Items from a dataset:
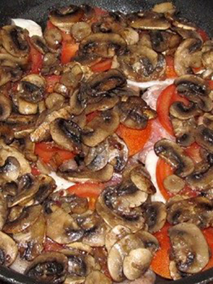 Recette pour la cuisson des champignons dans une poêle avec des tomates
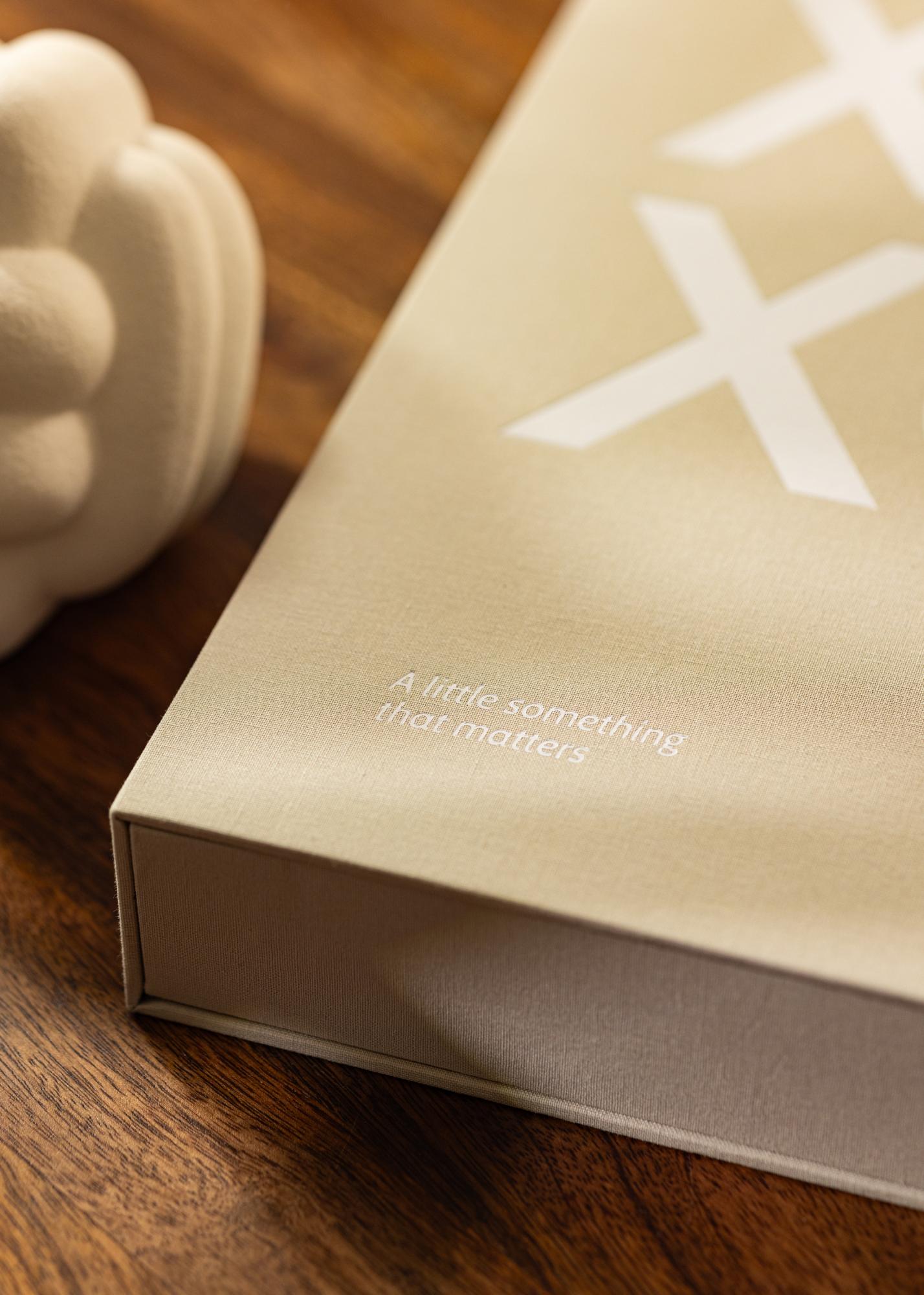 Ten stylowy album fotograficzny jest zaprojektowany jako modna książka na stolik kawowy i dlatego nazywany jest także Foto Album na stolik kawowy. Okładka jest elegancko ubrana w szarą tkaninę, a na przedniej stronie i grzbiecie albumu znajduje się biały nadruk z dobrze znaną pożegnalną formułą „XOXO”, co oznacza całusy i uściski. Ten modny tytuł uzupełnia także podtytuł brzmiący „A little something that matters”, wydrukowany w lewym dolnym rogu albumu. To bardzo elegancki album fotograficzny z oryginalnym i zabawnym designem, który z pewnością wyróżnia się z tłumu.
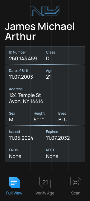 Create a secure, safe, and expressive digital experience for a standard driver’s license. Convey the necessary information in a unique yet presentable way.
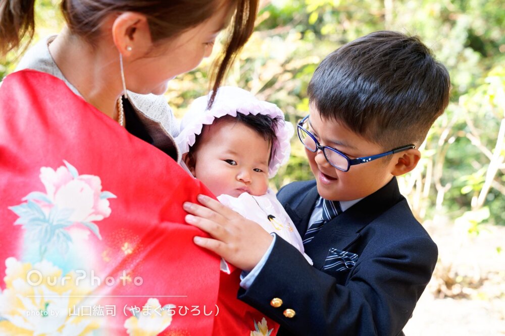 物腰の柔らかい優しい方で、初めは緊張気味だった息子もお会いしてすぐに本来のやんちゃな姿を披露できるほど打ち解けており、楽しく過ごすことができました。娘のお宮参りはもちろんですが、息子の七五三参拝も兼ねていたので、今しか撮れない姿をたくさん撮っていただけて嬉しかったです。
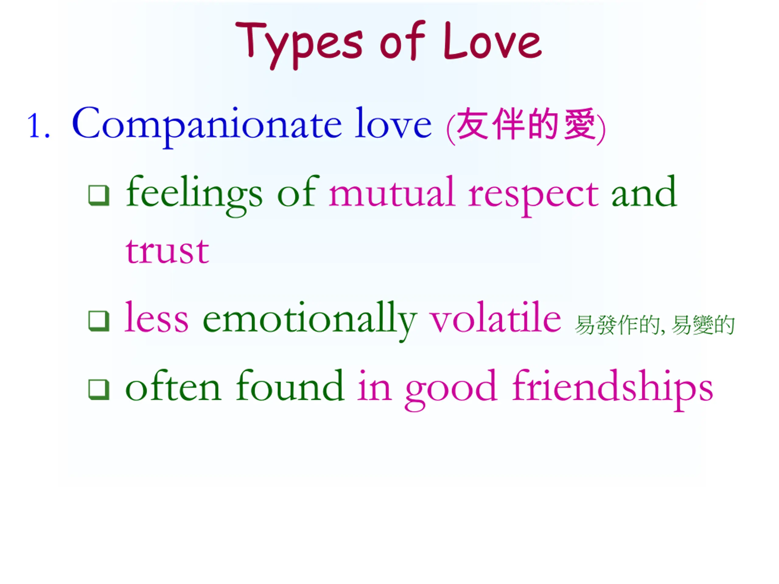 Types of Love 1. Companionate love ( ) feelings of mutual respect and trust less emotionally volatile , often found in good friendships
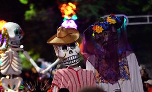 (251027) -- CIUDAD DE MEXICO, 27 octubre, 2025 (Xinhua) -- Imagen del 26 de octubre de 2025 de personas participando durante la Mega Procesión de las Catrinas 2025, en la Ciudad de México, capital de México. La Procesión de las Catrinas se celebró el domingo previo al Día de Muertos. (Xinhua/Zhang Lei) (oa) (ah) (ce)
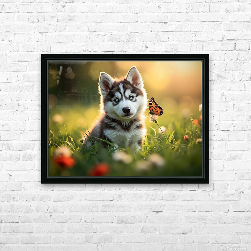 Get this artwork "Butterfly Lands Gently On Husky Puppys Nose" in a framed print.
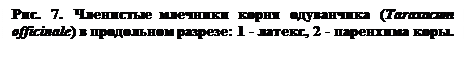 б) Членистые млечники (рис. 7) состоят из нескольких трубчатых клеток, соединенных в однорядные тяжи. Конечные стенки клеток частично или полностью разрушаются, как при образовании сосудов ксилемы или члеников ситовидных трубок. Поэтому млечники такого типа называют млечными трубками или сосудами.
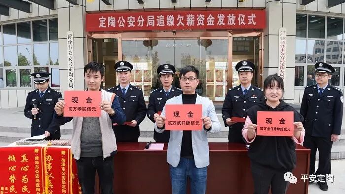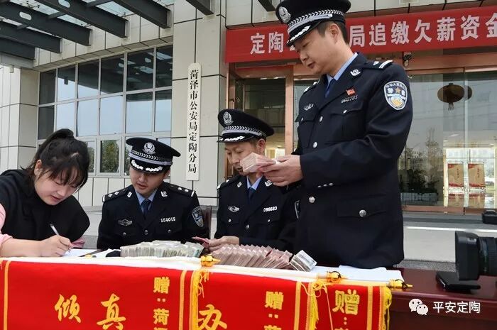 领到自己被拖欠的血汗钱的群众激动不已,对民警的忠诚履职和不懈努力深表感激,连声道谢。定陶公安分局在顺利破获一起欠薪案的同时,最大限度的挽回了群众的损失,稳定了社会治安秩序,取得了良好法律效果和社会效果的统一。来源:平安定陶
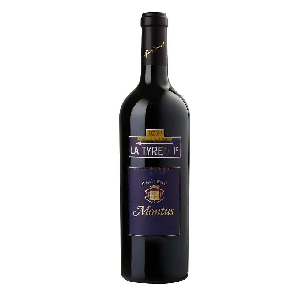 La Tyre è la cuvée di punta di Château Montus a Madiran e proviene da un’unica parcella di circa dieci ettari, ripida e perfettamente esposta, piantata esclusivamente a Tannat. Il vigneto si trova su un altopiano di ciottoli arrotondati sopra argille rosse e produce rese naturalmente basse e uve molto concentrate. Dopo un’accurata vendemmia manuale, il vino macera a lungo sulle bucce e affina 14–16 mesi in barrique nuove di rovere francese, seguiti da un lungo riposo in bottiglia. Al naso La Tyre offre frutti neri, prugna e ciliegia sotto spirito, con tabacco, cacao, liquirizia e eleganti note tostate. In bocca è profondo, potente e complesso, con tannini fitti ma raffinati, grande freschezza e un finale lunghissimo e teso.
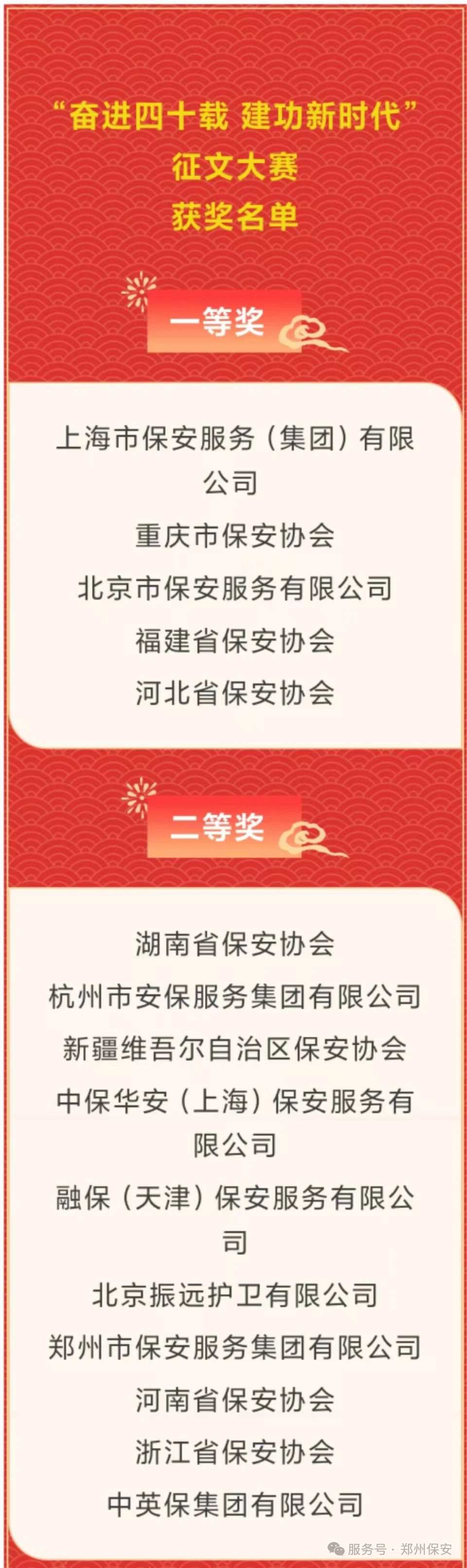 岁末传佳音,华章启新程!在2024年的最后一天,郑州保安集团喜获殊荣——中国保安协会近日公布了“中国保安服务业四十周年短视频大赛”和“征文大赛”评审结果,集团凭借出色的表现,荣获短视频大赛“保安企业形象类”二等奖和征文大赛二等奖,为这一年画上圆满的句号,完美收官。

* Exercise goal
Copy each line above precisely, dropping the pictures.

* Response
 Recette pour la cuisson des champignons dans une poêle avec des tomates
 Ten stylowy album fotograficzny jest zaprojektowany jako modna książka na stolik kawowy i dlatego nazywany jest także Foto Album na stolik kawowy. Okładka jest elegancko ubrana w szarą tkaninę, a na przedniej stronie i grzbiecie albumu znajduje się biały nadruk z dobrze znaną pożegnalną formułą „XOXO”, co oznacza całusy i uściski. Ten modny tytuł uzupełnia także podtytuł brzmiący „A little something that matters”, wydrukowany w lewym dolnym rogu albumu. To bardzo elegancki album fotograficzny z oryginalnym i zabawnym designem, który z pewnością wyróżnia się z tłumu.
 Create a secure, safe, and expressive digital experience for a standard driver’s license. Convey the necessary information in a unique yet presentable way.
 物腰の柔らかい優しい方で、初めは緊張気味だった息子もお会いしてすぐに本来のやんちゃな姿を披露できるほど打ち解けており、楽しく過ごすことができました。娘のお宮参りはもちろんですが、息子の七五三参拝も兼ねていたので、今しか撮れない姿をたくさん撮っていただけて嬉しかったです。
 Types of Love 1. Companionate love ( ) feelings of mutual respect and trust less emotionally volatile , often found in good friendships
 (251027) -- CIUDAD DE MEXICO, 27 octubre, 2025 (Xinhua) -- Imagen del 26 de octubre de 2025 de personas participando durante la Mega Procesión de las Catrinas 2025, en la Ciudad de México, capital de México. La Procesión de las Catrinas se celebró el domingo previo al Día de Muertos. (Xinhua/Zhang Lei) (oa) (ah) (ce)
 Get this artwork "Butterfly Lands Gently On Husky Puppys Nose" in a framed print.
 б) Членистые млечники (рис. 7) состоят из нескольких трубчатых клеток, соединенных в однорядные тяжи. Конечные стенки клеток частично или полностью разрушаются, как при образовании сосудов ксилемы или члеников ситовидных трубок. Поэтому млечники такого типа называют млечными трубками или сосудами.
 领到自己被拖欠的血汗钱的群众激动不已,对民警的忠诚履职和不懈努力深表感激,连声道谢。定陶公安分局在顺利破获一起欠薪案的同时,最大限度的挽回了群众的损失,稳定了社会治安秩序,取得了良好法律效果和社会效果的统一。来源:平安定陶
 La Tyre è la cuvée di punta di Château Montus a Madiran e proviene da un’unica parcella di circa dieci ettari, ripida e perfettamente esposta, piantata esclusivamente a Tannat. Il vigneto si trova su un altopiano di ciottoli arrotondati sopra argille rosse e produce rese naturalmente basse e uve molto concentrate. Dopo un’accurata vendemmia manuale, il vino macera a lungo sulle bucce e affina 14–16 mesi in barrique nuove di rovere francese, seguiti da un lungo riposo in bottiglia. Al naso La Tyre offre frutti neri, prugna e ciliegia sotto spirito, con tabacco, cacao, liquirizia e eleganti note tostate. In bocca è profondo, potente e complesso, con tannini fitti ma raffinati, grande freschezza e un finale lunghissimo e teso.
 岁末传佳音,华章启新程!在2024年的最后一天,郑州保安集团喜获殊荣——中国保安协会近日公布了“中国保安服务业四十周年短视频大赛”和“征文大赛”评审结果,集团凭借出色的表现,荣获短视频大赛“保安企业形象类”二等奖和征文大赛二等奖,为这一年画上圆满的句号,完美收官。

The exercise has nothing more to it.